It’s a bitch to get old and feeble. None of us thinks about it while we’re busy with our lives managing careers, family, friends and the daily mundane chores of living. Nobody anticipates the day when we can no longer take care of ourselves, relegating decisions about our life to others.
That rude awakening landed square between my eyes while now playing the role of parent to my elderly father. He’s always been a ferociously independent, active man who supported a family of six, sent his kids to college and provided the religious education he considered to be important. He ran a business and answered to himself about all matters.
As a renegade, my father felt rules were guidelines that he could follow or not. He could run red lights if he determined there to be no traffic, but God forbid any of his kids do that if he’s a passenger in our cars. If his customers were tardy on paying him, his bills could wait until cash flow improved. Any imposed penalty for lateness didn’t apply to him because of his extenuating circumstances.
Now he sits in a wheel chair while his body defies his craving to walk and go and do. Now he has to listen to us. And his therapists. And his doctors.

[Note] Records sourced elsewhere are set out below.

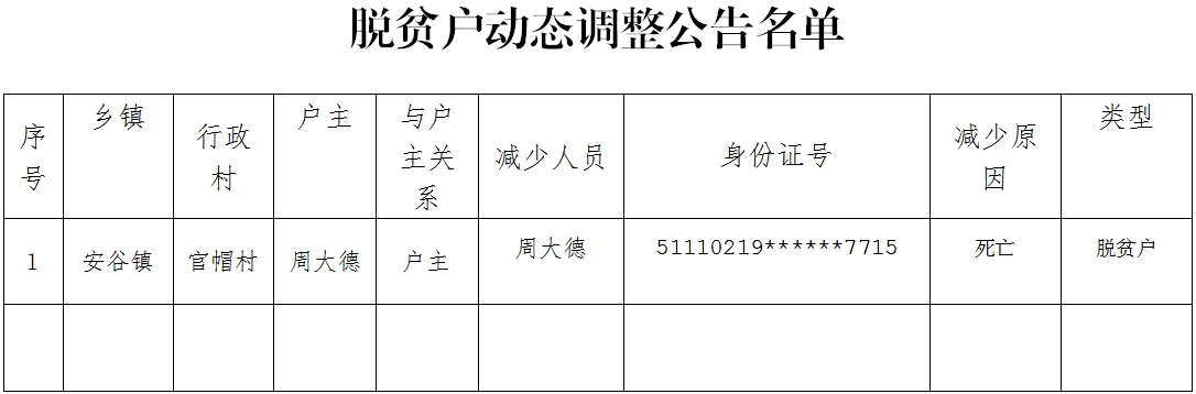 根据《扶贫开发建档立卡工作方案》要求,我区对2025年4月死亡的1名脱贫人口进行了审核,并按照规定的方法和办理程序。同意对2025年4月死亡的1名脱贫人口进行动态减少(名单附后),现予以公告。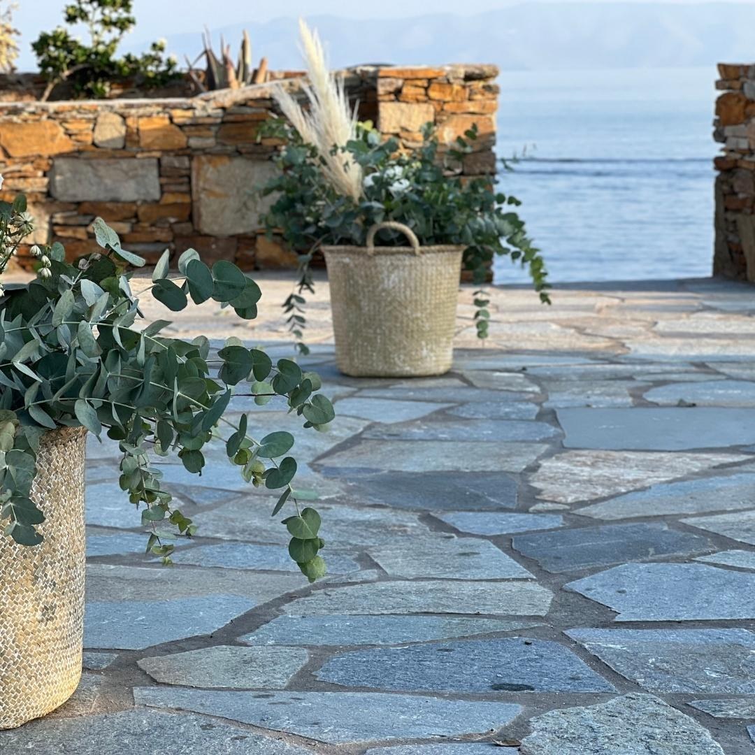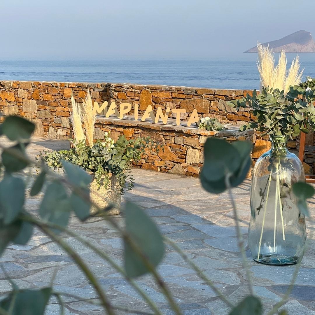 Ο γάμος και η βάπτιση τους στο νησί είχε και τον ανάλογο ανθοστολισμό. Επέλεξαν μοντέρνα βάζα και ψάθινα καλάθια τα οποία είχαν συνθέσεις απο ευκάλυπτο, pampas και λυσίανθο. Με αυτή τη λογική κινηθήκαμε και για τις λαμπάδες γάμου, για τη νυφική ανθοδέσμη της Αλεξάνδρας, για το στολισμό του αυτοκινήτου και του σκάφους που μετέφερε το ζευγάρι αλλά και τον υπέροχο στολισμό κολυμπήθρας της μικρής Μαριάντας!
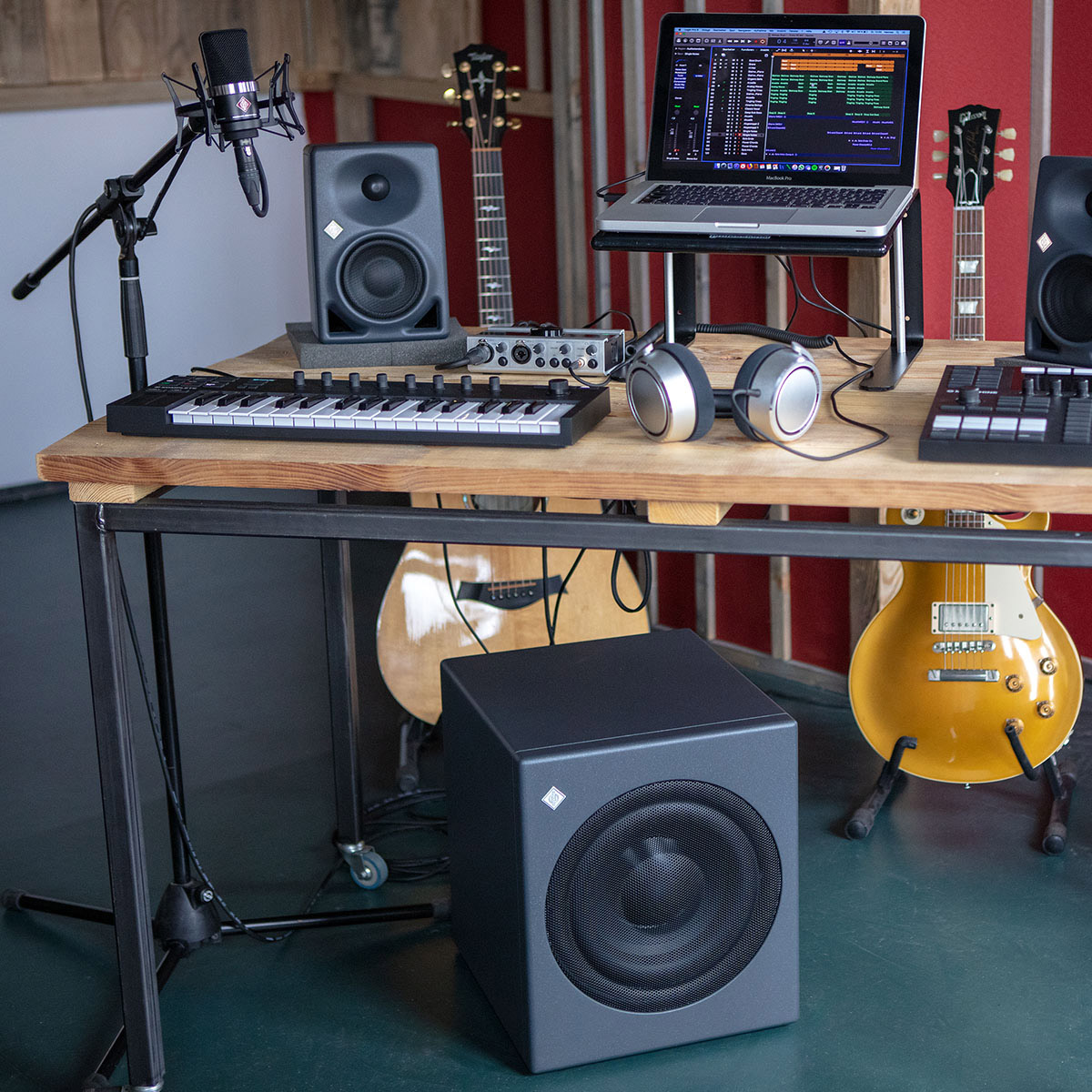前述の通りKH 80 DSPの再生能力が高いといっても57Hz以下の低域を再生することはできません。EDMなど超低域を多く扱う音楽が多い場合や、仕事でミキシングやマスタリングを行う場合、劇伴や効果音など、ワイドな再生能力を求める場合はサブウーハーKH 750 DSPを追加すると良いでしょう。

And eat food they want him to eat and drink liquids that are unappetizing.
Life is incredibly difficult for him these days and at 89 it’s damn near impossible to become a different man, a deferential man.
My heart aches for him and I wonder whether he will be me someday.
Yes, it will be you and it will be me, and it takes a lot of grace and courage to be cheerful under the circumstances you have described.
God, Joyce, what a bummer. My dad was like your dad. Had he deteriorated slowly, it would have killed all of us due to stress, depression, horror, etc. I guess you would say FORTUNATELY he had a stroke from which he never reawakened. He lingered for 6 days (we thought he could hear us but he couldn’t respond. why then would a tear roll from one eye when I spoke to him? The nurse said it was from the eye drops she just happened to have applied moments before we arrived. God bless her for saying that.) I am so sorry for your dad, and for you and your family. Hugs, my friend.
Thank you. It’s difficult to maintain equanimity through this.